One of the very next things I would do in an analysis is to attack the terrible names of the estimated coefficients.
lm
wrapper with broom
Don’t forget: we’re still fitting plain vanilla linear models, so you can still use lm_poly_raw()
with the broom
package.
Fit and tidy at once:
g_ests <- gapminder %>%
group_by(country, continent) %>%
do(tidy(lm_poly_raw(., lifeExp, I(year - 1952))))
g_ests
#> Source: local data frame [284 x 7]
#> Groups: country, continent [142]
#>
#> country continent term estimate
#> (fctr) (fctr) (chr) (dbl)
#> 1 Afghanistan Asia (Intercept) 29.9072949
#> 2 Afghanistan Asia poly(I(year - 1952), 1, raw = TRUE) 0.2753287
#> 3 Albania Europe (Intercept) 59.2291282
#> 4 Albania Europe poly(I(year - 1952), 1, raw = TRUE) 0.3346832
#> 5 Algeria Africa (Intercept) 43.3749744
#> 6 Algeria Africa poly(I(year - 1952), 1, raw = TRUE) 0.5692797
#> 7 Angola Africa (Intercept) 32.1266538
#> 8 Angola Africa poly(I(year - 1952), 1, raw = TRUE) 0.2093399
#> 9 Argentina Americas (Intercept) 62.6884359
#> 10 Argentina Americas poly(I(year - 1952), 1, raw = TRUE) 0.2317084
#> .. ... ... ... ...
#> Variables not shown: std.error (dbl), statistic (dbl), p.value (dbl)
Or store fits.
fits <- gapminder %>%
group_by(country, continent) %>%
do(fit = lm_poly_raw(., lifeExp, I(year - 1952)))
fits
#> Source: local data frame [142 x 3]
#> Groups: <by row>
#>
#> country continent fit
#> (fctr) (fctr) (list)
#> 1 Afghanistan Asia <S3:lm>
#> 2 Albania Europe <S3:lm>
#> 3 Algeria Africa <S3:lm>
#> 4 Angola Africa <S3:lm>
#> 5 Argentina Americas <S3:lm>
#> 6 Australia Oceania <S3:lm>
#> 7 Austria Europe <S3:lm>
#> 8 Bahrain Asia <S3:lm>
#> 9 Bangladesh Asia <S3:lm>
#> 10 Belgium Europe <S3:lm>
#> .. ... ... ...
Then go after tidy info on the fitted models (glance.lm()

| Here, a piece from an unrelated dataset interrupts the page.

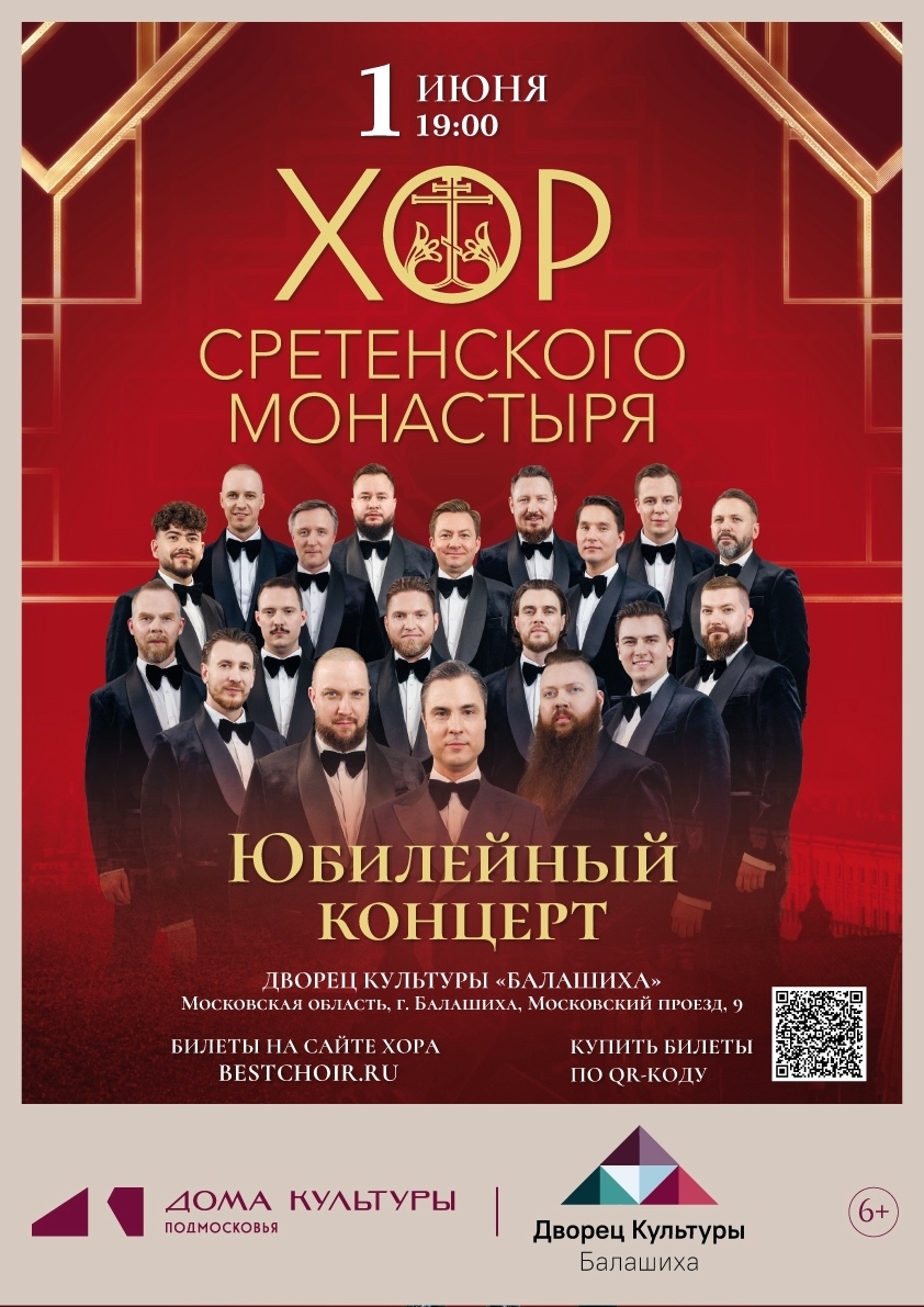 1 июня 2026 года в Балашихе состоится Юбилейный концерт Хора Сретенского монастыря, приуроченный к 30-летию коллектива. Соборный образ российской певческой культуры соединит времена и народы, прошлое и будущее великой страны. Сегодня духовная музыка и песни военной поры воспринимаются не как бесценные исторические, художественные памятники минувших времен, но и приобретают значение живого, действенного элемента современности. Миссия Хора — хранить духовные традиции и песенную культуру России, поэтому в концерте прозвучат уникальные образцы духовной музыки и любимые песни, которые так полюбились публике.

), estimated parameters (see above; tidy.lm()
), or the observed data (augment.lm()
).
fits %>%
glance(fit)
#> Source: local data frame [142 x 13]
#> Groups: country, continent [142]
#>
#> country continent r.squared adj.r.squared sigma statistic
#> (fctr) (fctr) (dbl) (dbl) (dbl) (dbl)
#> 1 Afghanistan Asia 0.9477123 0.9424835 1.2227880 181.24941
#> 2 Albania Europe 0.9105778 0.9016355 1.9830615 101.82901
#> 3 Algeria Africa 0.9851172 0.9836289 1.3230064 661.91709
#> 4 Angola Africa 0.8878146 0.8765961 1.4070091 79.13818
#> 5 Argentina Americas 0.9955681 0.9951249 0.2923072 2246.36635
#> 6 Australia Oceania 0.9796477 0.9776125 0.6206086 481.34586
#> 7 Austria Europe 0.9921340 0.9913474 0.4074094 1261.29629
#> 8 Bahrain Asia 0.9667398 0.9634138 1.6395865 290.65974
#> 9 Bangladesh Asia 0.9893609 0.9882970 0.9766908 929.92637
#> 10 Belgium Europe 0.9945406 0.9939946 0.2929025 1821.68840
#> .. ... ... ... ... ... ...
#> Variables not shown: p.value (dbl), df (int), logLik (dbl), AIC (dbl), BIC
#> (dbl), deviance (dbl), df.residual (int)
fits %>%
tidy(fit)
#> Source: local data frame [284 x 7]
#> Groups: country, continent [142]
#>
#> country continent term estimate
#> (fctr) (fctr) (chr) (dbl)
#> 1 Afghanistan Asia (Intercept) 29.9072949
#> 2 Afghanistan Asia poly(I(year - 1952), 1, raw = TRUE) 0.2753287
#> 3 Albania Europe (Intercept) 59.2291282
#> 4 Albania Europe poly(I(year - 1952), 1, raw = TRUE) 0.3346832
#> 5 Algeria Africa (Intercept) 43.3749744
#> 6 Algeria Africa poly(I(year - 1952), 1, raw = TRUE) 0.5692797
#> 7 Angola Africa (Intercept) 32.1266538
#> 8 Angola Africa poly(I(year - 1952), 1, raw = TRUE) 0.2093399
#> 9 Argentina Americas (Intercept) 62.6884359
#> 10 Argentina Americas poly(I(year - 1952), 1, raw = TRUE) 0.2317084
#> .. ... ... ... ...
#> Variables not shown: std.error (dbl), statistic (dbl), p.value (dbl)
fits %>%
augment(fit)
#> Source: local data frame [1,704 x 11]
#> Groups: country, continent [142]
#>
#> country continent lifeExp poly.I.year...1952...1..raw...TRUE.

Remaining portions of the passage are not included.